Laptop Charging Station for Schools

Arrow
Arrow Registered Users Posts: 11
Hi everyone!

I'm very new to the Solar game and though I've done some preliminary research on this I know I must be missing something and I'd love to hear what you have to offer.

I want to build an outdoor laptop charging station so we can have classes outdoors. I want to hook up four 150W solar panels to a charge controller which will charge and protect my battery bank (I'll use a boat battery or a few scooter batteries connected in parallel). These batteries will also be connected to an inverter that can output the sort of wattage that 10 or so laptop computers will need to operate.

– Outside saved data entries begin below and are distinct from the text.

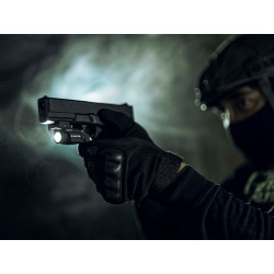 Корпус фонаря выполнен из авиационного алюминия 6061-T6, что обеспечивает его легкость и долговечность. Премиальное анодирование III типа защищает поверхность от бликов и износа. Фонарь выдерживает отдачу любого пистолетного калибра, что делает его надежным выбором для профессионального использования.
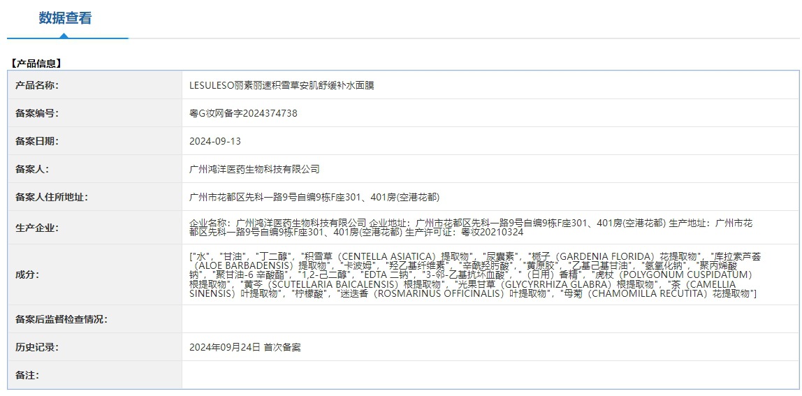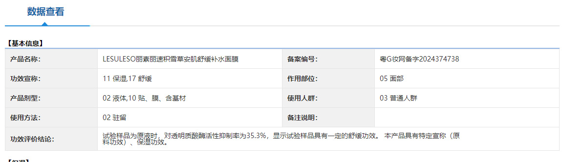商品属性 [产品名称] LESULESO丽素丽速积雪草安肌舒缓补水面膜 [产地] 广州 [保质期] 3年 [化妆品功效] 补水保湿,舒缓肌肤 [品牌类型] 精品国货 [是否跨境出口专供货源] 否 [是否进口] 否 [特殊用途化妆品] 否 [生产许可证号] 粤妆20210324 [适用人群] 通用 [适用肤质] 中性,通用,油性,干性,混合性 [非特化妆品备案证号] 粤G妆网备字2024374738
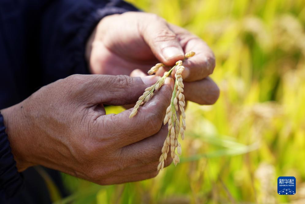 10月11日,農業科研人員在河北省唐山市曹妃甸區第五農場鹽堿地改良而成的高標準稻田查看稻粒的飽滿度。
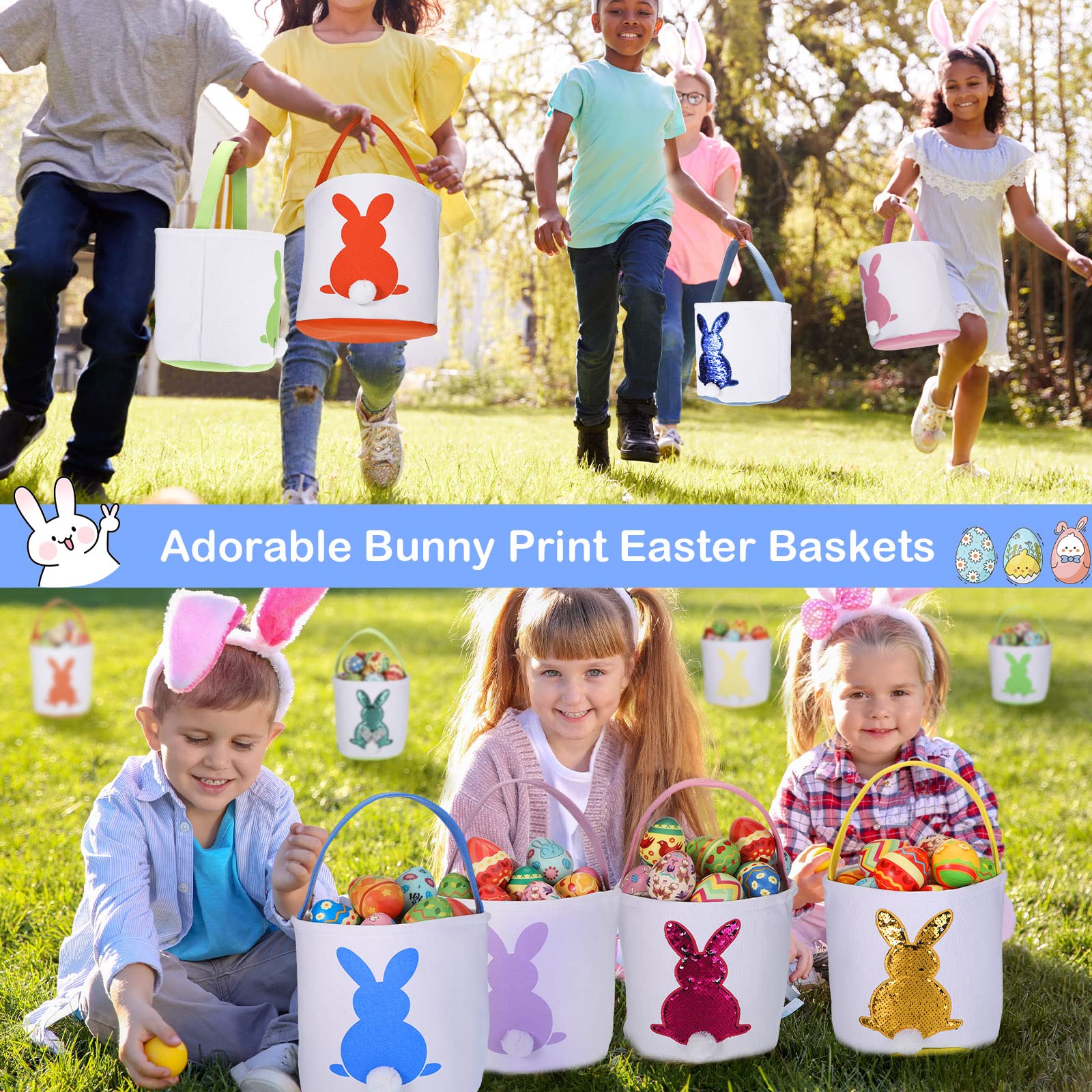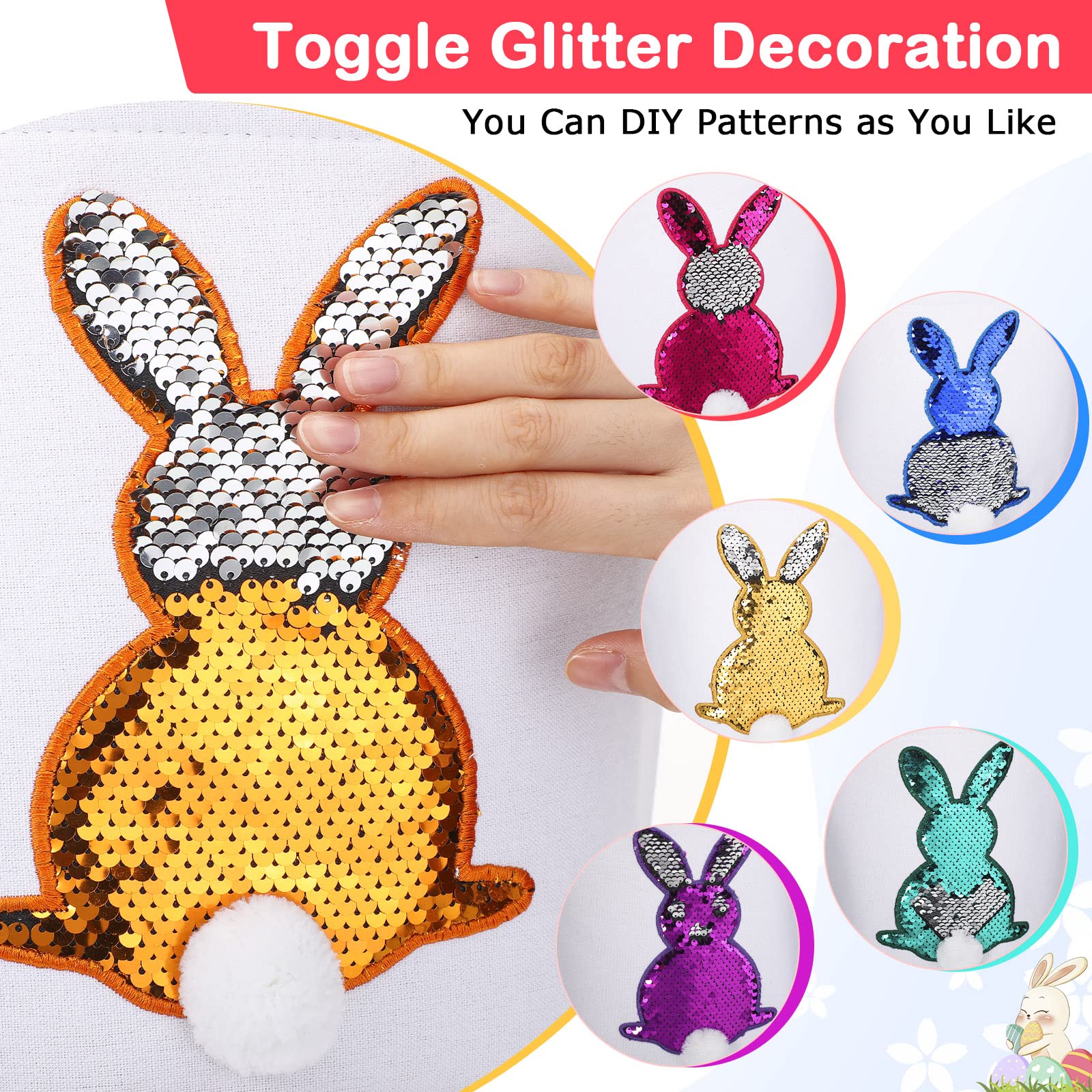 - Q: What is included in the Jexine Easter Bunny Basket Bags set? A: The set includes 12 pieces of reusable Easter bunny basket bags, featuring 2 designs (matte and sequin) and 6 different vibrant pattern colors.
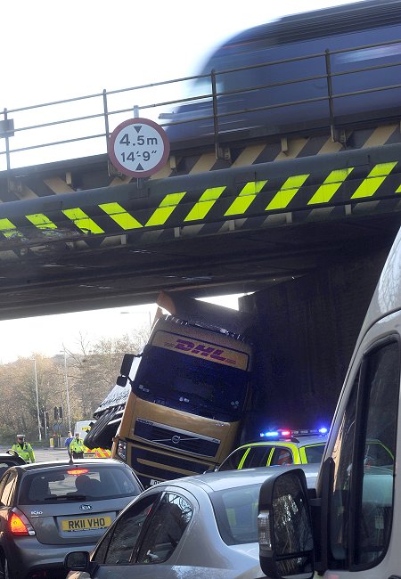 For the second time this year, traffic in Wootton Bassett road was severely disrupted after a lorry struck the railway bridge near DFS.
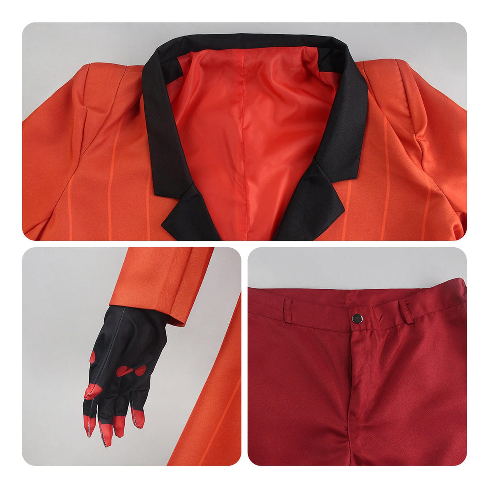 👗 Cosplay de Alastor disponible en tallas M, L y XL en color rojo. Incluye el traje completo del Demonio de la Radio con sombrero, bastón y todos los detalles del diseño retro del personaje. Material de alta calidad para un cosplay premium de Hazbin Hotel.

My laptop is old and requires 90W but newer computers generally require half that power. So a 12V, 50Ah battery bank should be able to sustain 8 to 12 laptops for an hour. And if the sun is shining and the panels are feeding 600W into the controller, it should maintain itself pretty much at steady state (minus inefficiencies and losses).

Is there a fundamental flaw in my thinking? (Where) will I need to put fuses and diodes to protect my system? Do I have to worry about wire gauge?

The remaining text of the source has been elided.